▼▼▼

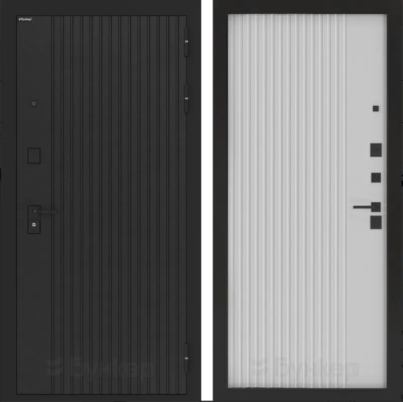 Черная матовая: Броненакладкая, сувальдные накладки со шторкой, ручка, ночник, цилиндр ключ-вертушка, глазок по центру или сбоку
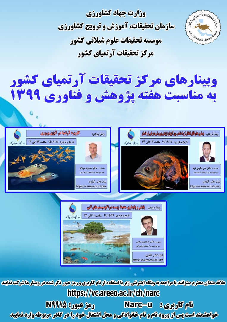 به گزارش روابط عمومی موسسه تحقیقات علوم شیلاتی کشور، مرکز تحقیقات آرتمیای کشور- ارومیه در نظر دارد به مناسبت گرامیداشت هفته پژوهش و نیز ارتقای هرچه بیشتر سطح علمی همکاران تحقیقاتی، 3 وبینار ترویجی در زمینه های مختلف برگزار کند.
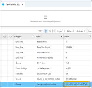 The Device Info tab in PA Ultra parses the last restore from backup.

▲▲▲

◆ **WHAT IS BEING ASKED**
Find the line holding "به گزارش روابط" in the data above. Retype it and every later line exactly, through the end, but not the pictures.

◆ **WRITTEN SOLUTION**
 به گزارش روابط عمومی موسسه تحقیقات علوم شیلاتی کشور، مرکز تحقیقات آرتمیای کشور- ارومیه در نظر دارد به مناسبت گرامیداشت هفته پژوهش و نیز ارتقای هرچه بیشتر سطح علمی همکاران تحقیقاتی، 3 وبینار ترویجی در زمینه های مختلف برگزار کند.
 The Device Info tab in PA Ultra parses the last restore from backup.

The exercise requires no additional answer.